Except it wasn’t like that at all. Baseball had lots of rules and deadlines around contract negotiations and arbitration. And the schedule was brutal, especially on an infant.
“When she was born,” he sniffed, “it was like someone rearranged my brain. I have never felt so instinctively protective and possessive of anyone.” His eyes glittered as they darted between mine and it took my breath away. “Although I’ve felt it again rather recently.” He smiled and looked back down at our hands. “I just…I couldn’t leave her. And my mom has this method she uses when Ev or I are conflicted on what to do. She asks us to picture our ideal life ten years from now. What does it look like? And for me, that was Rosie. Taking her to school and knowing all her friends and being with my family. I didn’t see baseball there at all. And when I worked that backward through the years to figure out how I make that future real, there was only one solution: find a new career. Just making that decision calmed the storm in my head. The chaos that was ripping it apart finally subsided. But it didn’t mean it was easy. It meant giving up the future I thought I had ahead of me and taking a different path.”
“You were angry,” I guessed.
He nodded. “Not all the time. And not like Paredes. I did talk it out with Ev and my parents. They let me vent. And, eventually, I got used to being on the new path. Found a job I enjoyed and, like baseball, came with a roadmap for me to follow. I found myself exactly where I wanted to be ten years later. And then the path changed again.”
“But it didn’t make you angry this time.”
He threaded our fingers together and held my hand. “That’s not entirely true. Doing this? It’s terrifying. I’ve left all my systems, all the things I’ve learned to help me be successful, and jumped into the deep end. I’m very worried my mind will not be up to the task, but because I know what my weaknesses are, I’ve been concentrating on them, and with a little bit of that timing and luck, I might just do this thing.”

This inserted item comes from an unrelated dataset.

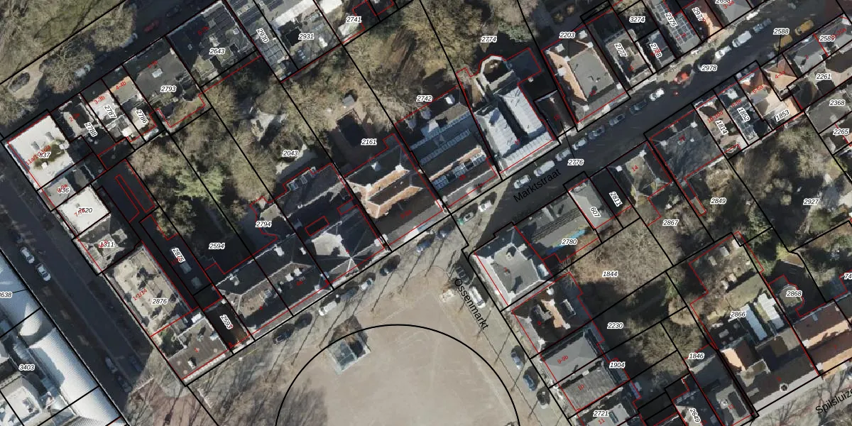 Het perceel waarop Ossenmarkt 6 staat heeft een oppervlakte van 815 m². Dit is een groot perceel. De perceeloppervlakte wordt geregistreerd door het Kadaster. Gedetailleerde informatie over de maten van dit perceel kunt u vinden in het rapport Kadastrale kaart met maatvoering van Ossenmarkt 6.

I already respected Isaac’s leadership and integrity, but now I was head over heels fangirling over everything about him from his struggles to his skills. “You’re a pretty incredible man, Isaac Anson. And very self-aware.”
He grunted. “It comes from years of failing spectacularly. Just be glad you weren’t around for them.”
“Oh, I’ll gladly reap the benefits.” I scooched over until my hips met his and dropped a kiss on his scruffy cheek. “I want to know all of you, Isaac. Even the parts you think are messy.”